There are 3 Jupyter Notebooks:
- Data_Exploration_Preparation
- ML_Pipeline
- Run_Test_Set
Table of Contents
-
Import and inspect dataset
-
Protein Embedding
- Embed Uniprot IDs using ProtT5 model (prottrans_t5_xl_u50)
-
Molecule Embedding
- Get SMILES representation from PubChem
- Convert SMILES to Embedding
- RDKit for Morgan Fingerprints
- Alternative option, using BERT model (not used in current solution)
-
Preparing data for Machine Learning Pipeline
- Normalizing and saving embedded data
LGBM model gets trained on 80% of the data and performs as follows on the held out 20%:
- Best number of estimators: 215
- Mean Squared Error: 391223160770.29596
- R^2 Score: 0.1777882974932672
A new test set can be loaded and predictions can be made using the trained model.
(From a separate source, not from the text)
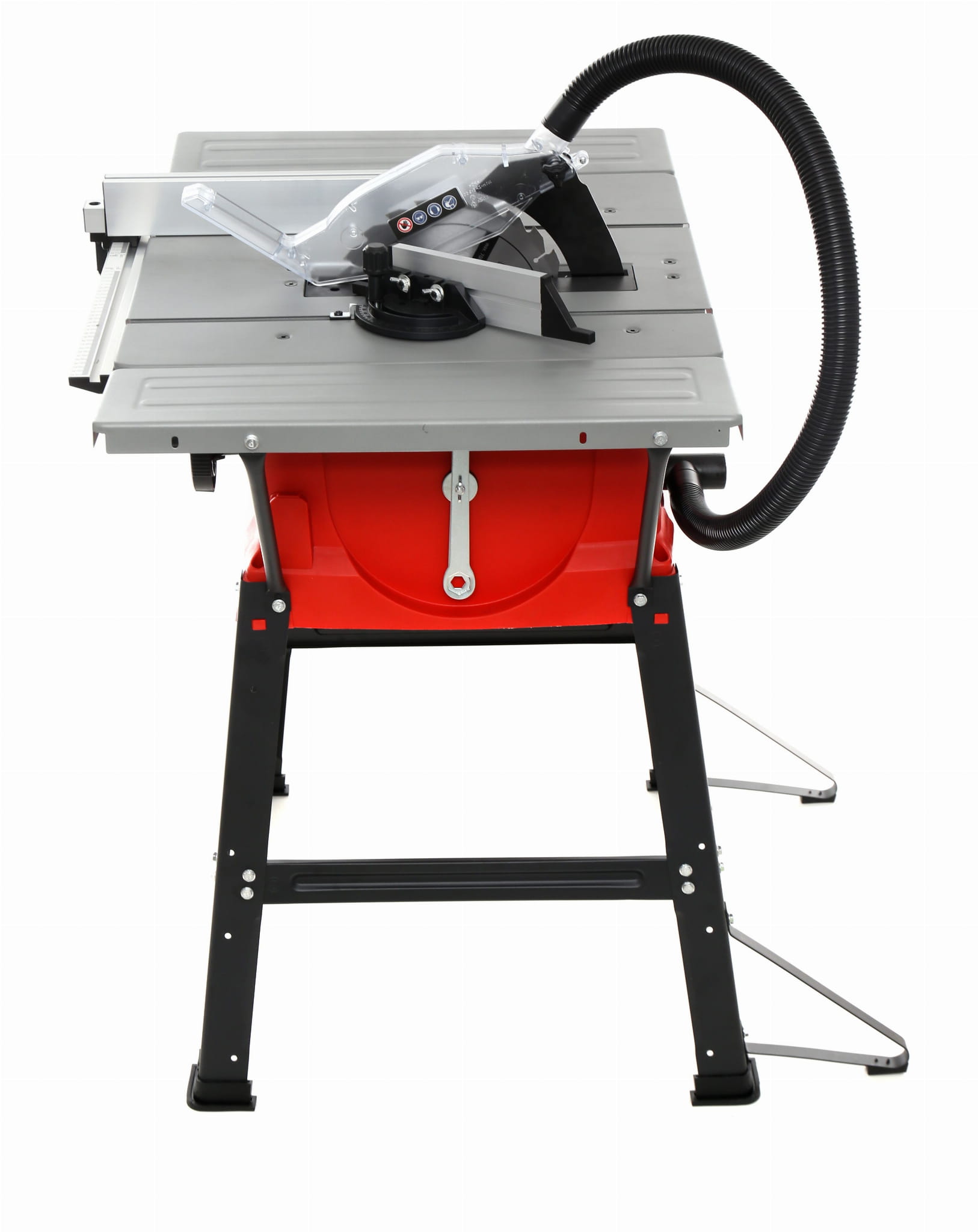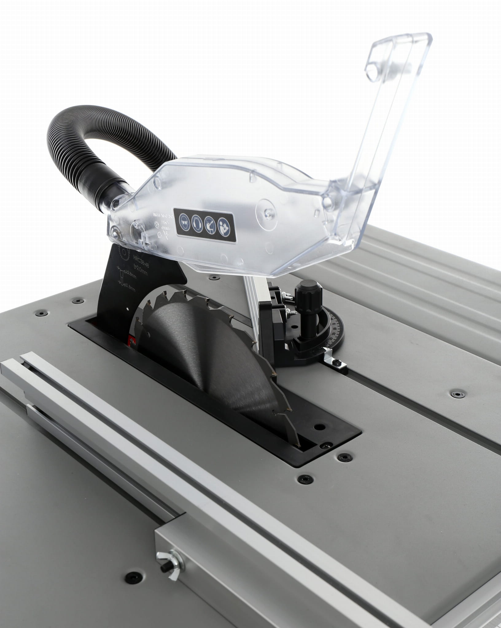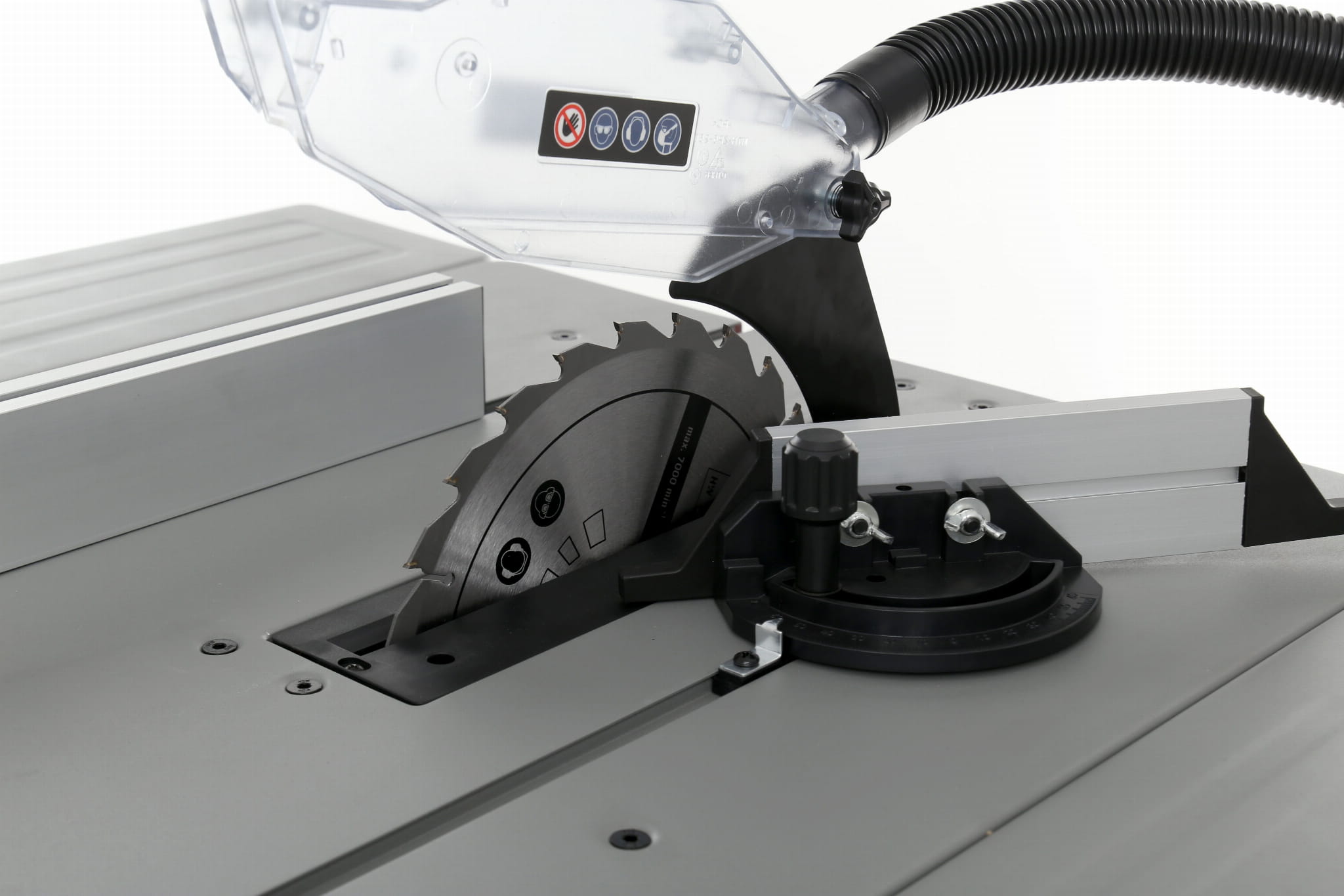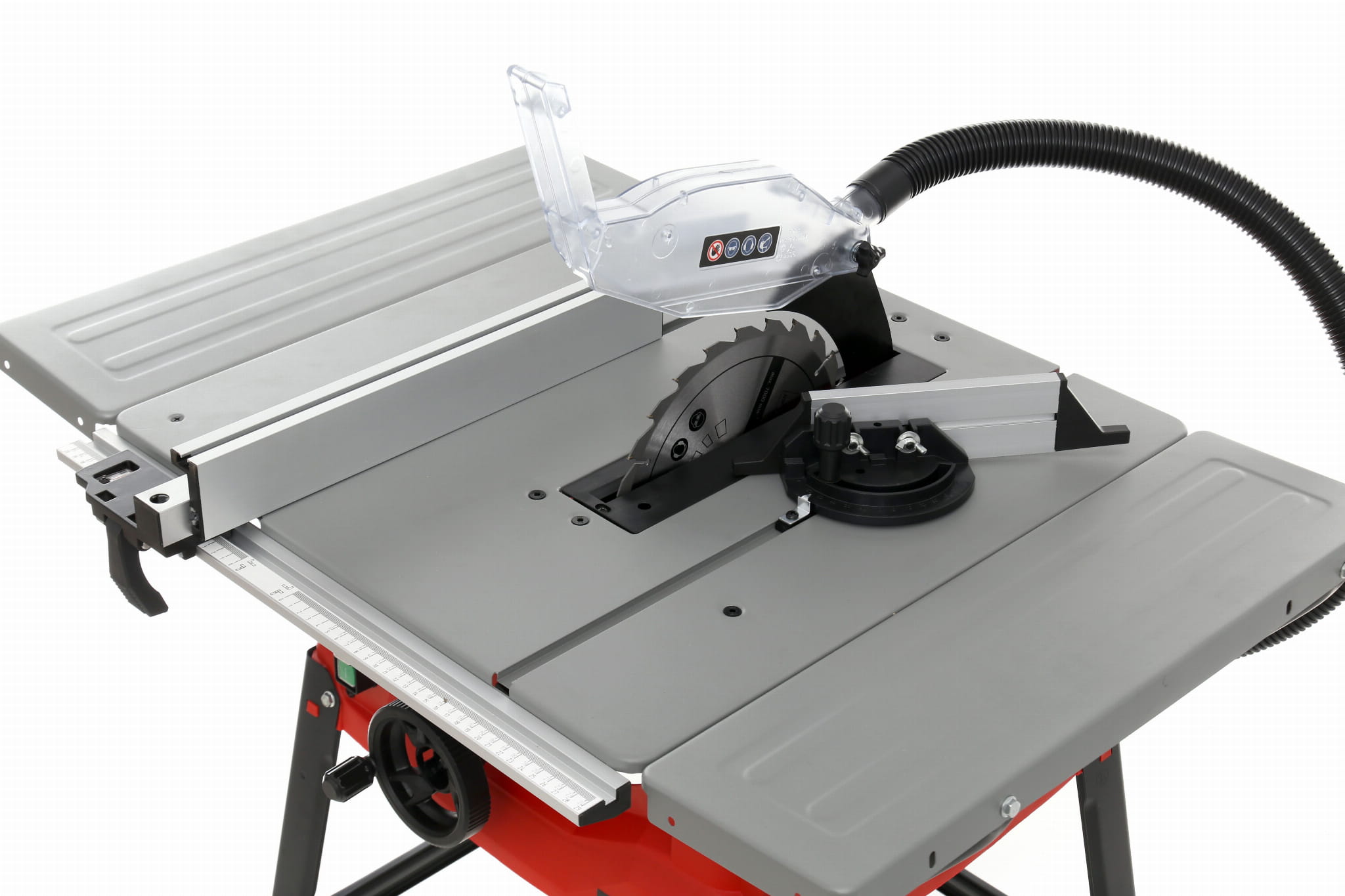 Podstawowy blat o wymiarach 583 x 563 mm można poszerzyć o składane rozszerzenie (583 x 165 mm). Większa powierzchnia podparcia jest istotna przy cięciu długich desek i płyt, ponieważ stabilizuje materiał i zmniejsza ryzyko odchylenia podczas cięcia.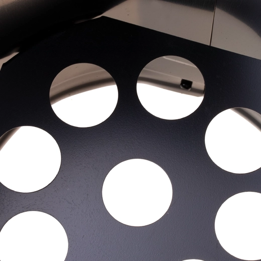 Sešstūra ventilācijas atveres nodrošina spēcīgu vilkmi un vienmērīgu brikešu iekarsēšanu dažu minūšu laikā.

An R² score of 0.177 is relatively low but indicates that the model is capturing some signal from the data. Further optimization and exploration are necessary to improve performance.
Cross-validation should be conducted to validate and generalize this performance. Additional analysis can determine whether using estimated or non-estimated KIBA scores impacts the model's performance.
Feature Engineering
- Incorporate additional features such as Kd, Ki, and IC50 scores.
Enhanced Embeddings
- Experiment with more informative embeddings, such as:
- PubChem10M_SMILES_BERT
- DeepChem
- AlphaFold embeddings
- ProtTrans
Implement deep learning techniques, including:
- Graph Neural Networks (GNNs) for representing molecular and protein structures.
- End-to-end models for drug-target binding prediction, such as DeepAffinity.
By incorporating these strategies, the model's performance can likely be enhanced, leading to more robust predictions.